Hospital pays mums $100 to go home early



Alt Tv/Fleet FM Breakfast News Comment
Hospital pays mums $100 to go home early
Mothers will be given a $100 supermarket voucher if they leave hospital within hours of giving birth, in a bid to deal with the national shortage of midwives. The two-month-long Capital and Coast District Health Board scheme has been tagged "bribery" by a health group. Board spokesman Michael Tull said yesterday: "We're encouraging people to go home straight from delivery ... without going to the post-natal ward." The vouchers cannot be used to buy alcohol or tobacco. The scheme revives similar ones used in Auckland and Waikato that were ditched in the 1990s after they failed to encourage shorter stays.

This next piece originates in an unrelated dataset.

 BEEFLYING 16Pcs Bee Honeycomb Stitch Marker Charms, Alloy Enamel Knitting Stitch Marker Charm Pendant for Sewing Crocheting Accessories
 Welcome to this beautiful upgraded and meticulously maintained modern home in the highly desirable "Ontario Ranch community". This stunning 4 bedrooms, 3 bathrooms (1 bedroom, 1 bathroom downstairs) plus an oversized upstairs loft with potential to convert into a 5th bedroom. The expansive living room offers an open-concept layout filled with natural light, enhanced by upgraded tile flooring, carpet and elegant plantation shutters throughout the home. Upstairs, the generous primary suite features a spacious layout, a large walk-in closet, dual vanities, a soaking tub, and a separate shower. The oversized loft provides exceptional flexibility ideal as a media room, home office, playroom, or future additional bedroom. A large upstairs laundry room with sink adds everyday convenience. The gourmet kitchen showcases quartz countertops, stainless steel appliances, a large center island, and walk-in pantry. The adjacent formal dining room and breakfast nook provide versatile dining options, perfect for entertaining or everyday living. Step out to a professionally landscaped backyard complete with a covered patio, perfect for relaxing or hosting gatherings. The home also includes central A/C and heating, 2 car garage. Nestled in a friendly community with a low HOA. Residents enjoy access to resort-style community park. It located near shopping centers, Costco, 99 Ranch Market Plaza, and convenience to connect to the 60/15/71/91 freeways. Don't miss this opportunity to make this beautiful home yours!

This is just outrageous, who would take the $100 food voucher? A mother who is extremely poor and desperately needs the food voucher, that level of poverty makes the mother a member of a high risk group whom we see time and time and time again leading the most difficult of lives. We rely on observation by a group of Social Services to make sure everyone is ok and that’s something that could be checked off over a 48 hour period, but to encourage poor people to leave within 6 hours making that observation time a mere glimpse in an over crowded and hectic hospital environment, just seems to me to border on the criminally negligent.

4 Comments:

At 29/11/07 9:08 am, Anonymous Anonymous said...

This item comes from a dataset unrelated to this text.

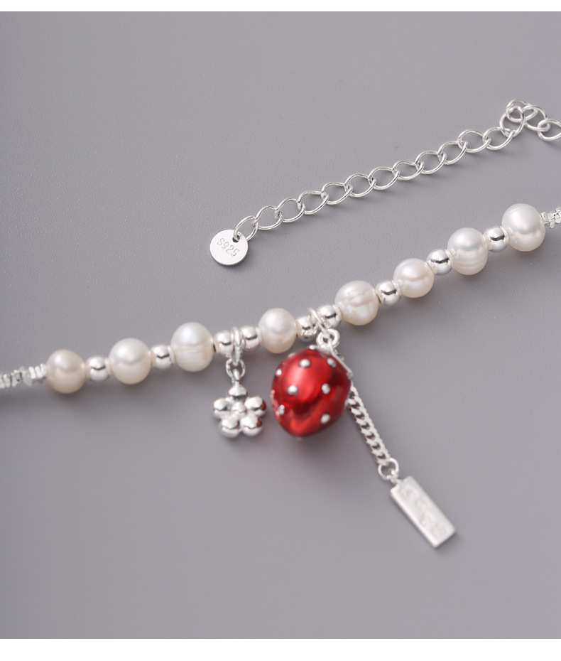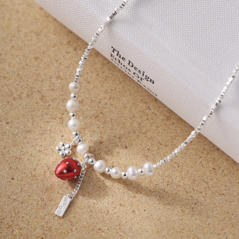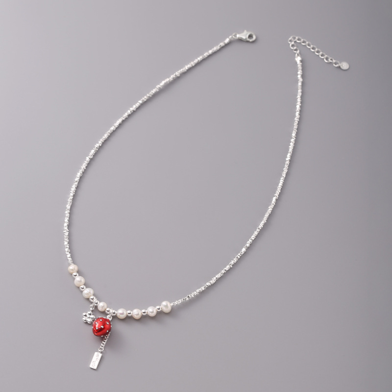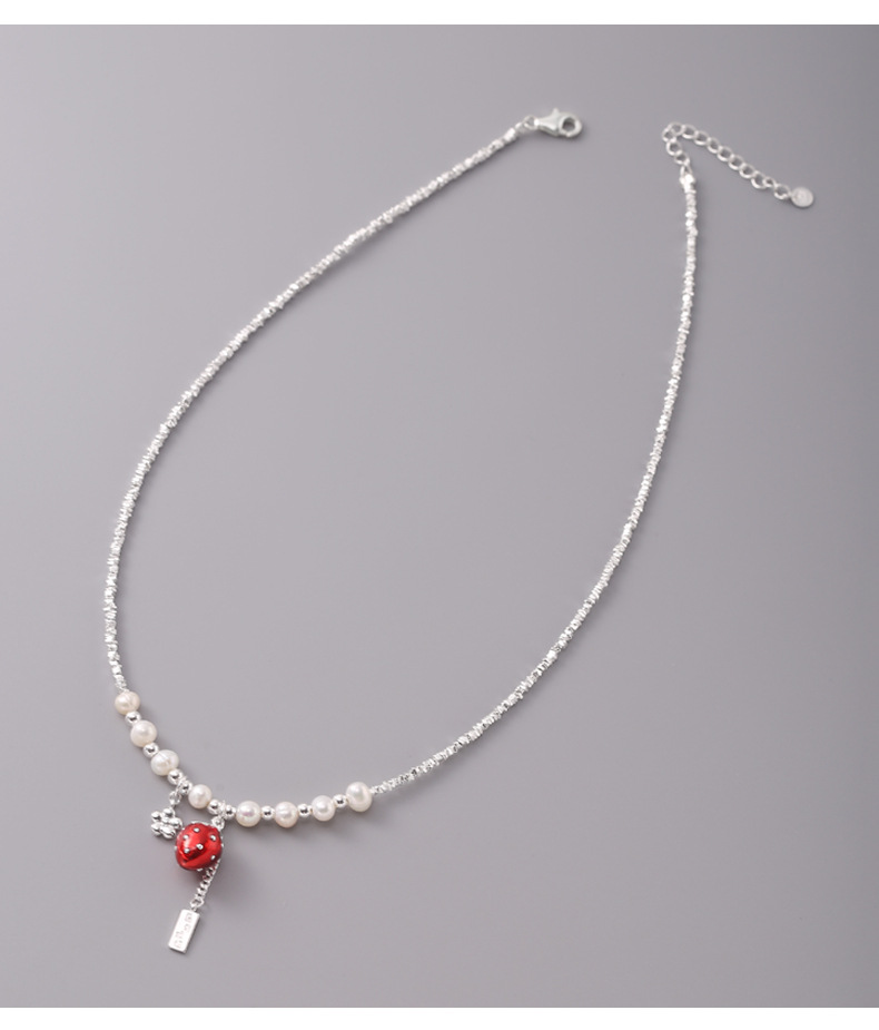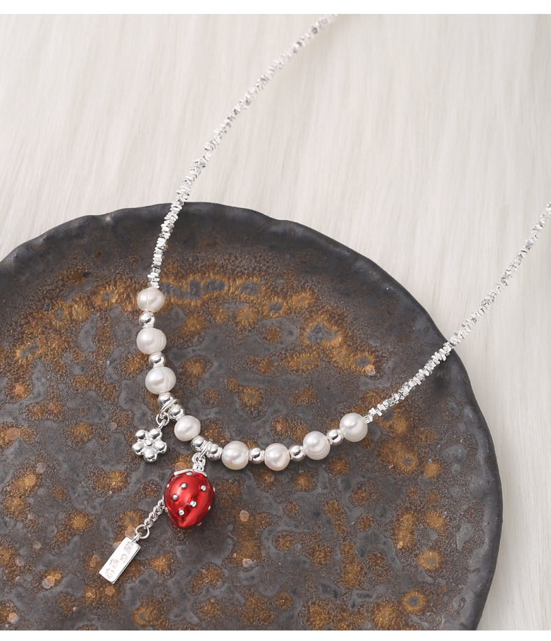 925纯银莓有烦恼草莓花朵珍珠碎银子项链女时尚百搭锁骨链0956

You're right Bomber ... and for them to blame it on the shortage of mid-wives? Hello??? Mid-wives are there for the BIRTH, how is the mother going home straight away going to solve the mid-wife shortage??? Der!

NS

 
At 29/11/07 10:35 am, Blogger deleted said...

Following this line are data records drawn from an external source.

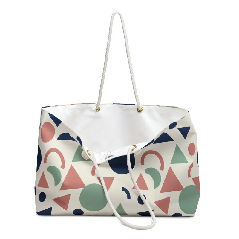 Geometric Shapes Weekender Bag - Retro Pastel Travel Tote - DipaliZ
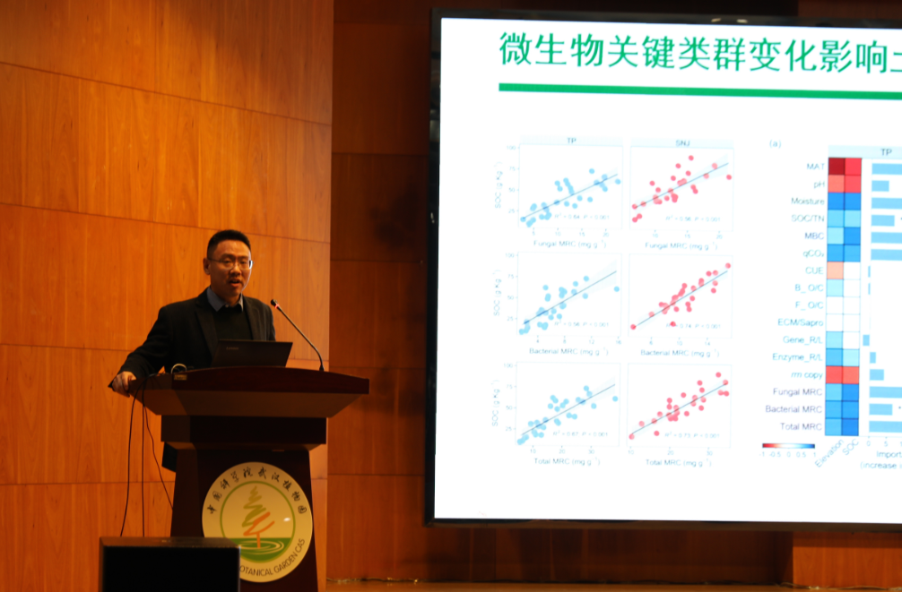 刘玉荣教授以“土地利用变化与土壤生物多样性”为题,系统探讨了全球变化背景下土壤微生物群落及其生态功能的演化机制。他从土壤生物多样性与功能关系、土壤微食物网的响应与适应,以及土壤微生物演变对生态功能的影响等方面进入深入剖析,揭示了土地利用变化对生态系统多样性和功能的影响,为生态保护与可持续发展提供科技支撑。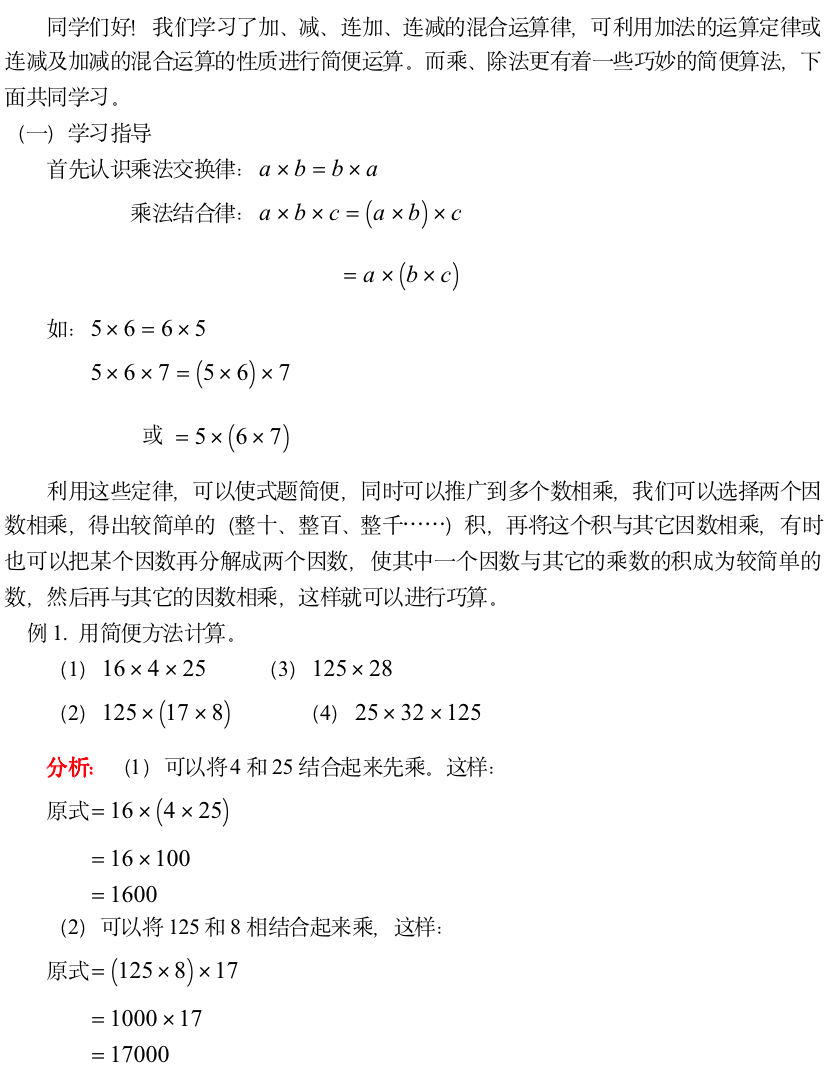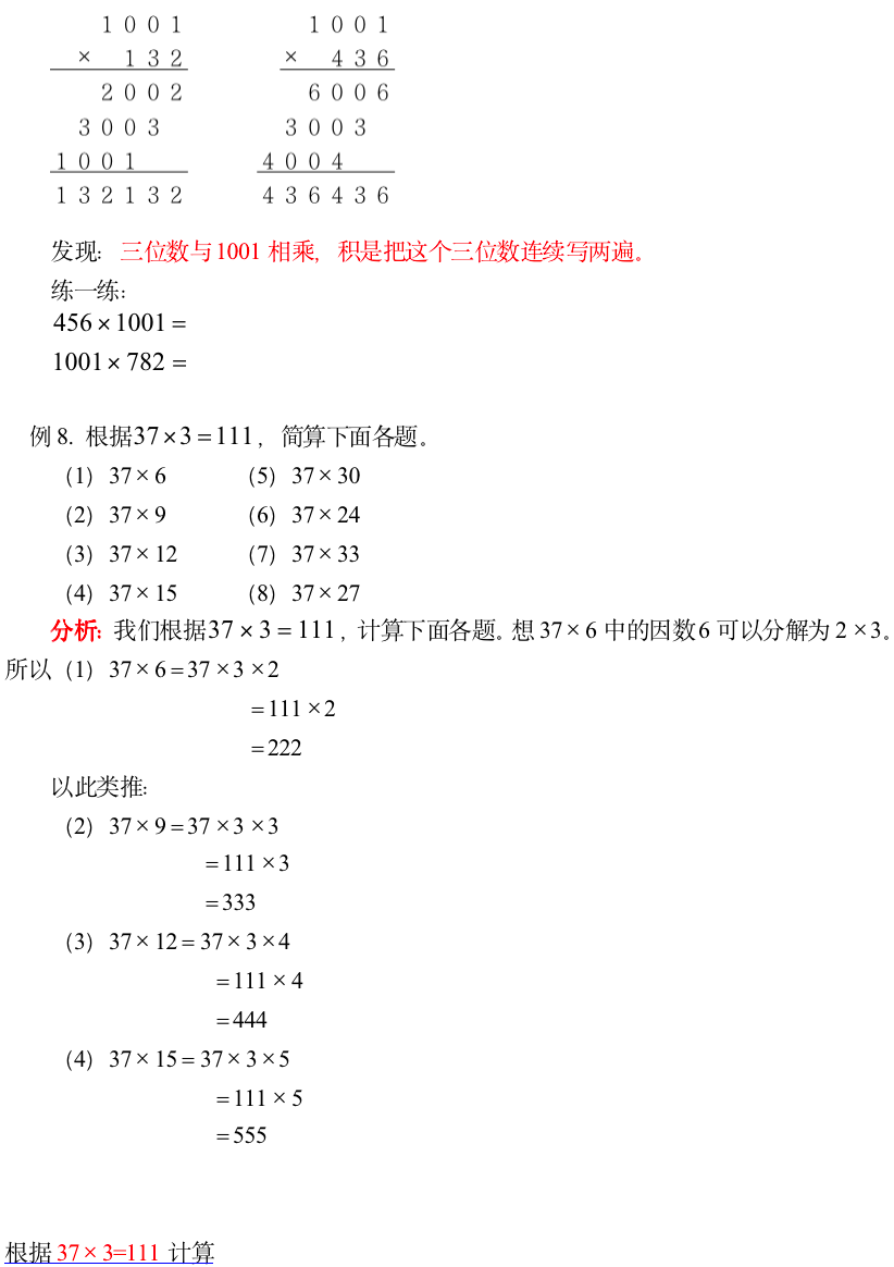 小学奥数-乘法中的巧算

Bomber - can you please explain the link to capitalism?

If anything it shows that state monopolies on healthcare just don't work.

If the funding followed the patients, and was opened up to competition from private sector midwifes and birthing centres, than there would be more beds available with the same amount of funding.

Thats capitalism in action.

Instead the public sector gets the monopoly on funding, and you are stuck with rationing and shortages of supply, with excess supply being provided byt he private sector.

This can squarely be blamed on the labour governments ideological opposition to private sector healthcare.

 
At 30/11/07 10:31 pm, Anonymous Anonymous said...

Bomber. You don't know the half of it apparently South Auckalnd get them out within two hours without vouchers. what you didn't presume is that some poor people may also be too uneducated to realise they are entitled to some form of care after squeezing one out.

_YAAS Energi

 
At 4/12/07 3:50 pm, Anonymous Anonymous said...

So what were you saying Bomber about sacrificing taxcuts for social services. Scant evidence for it here.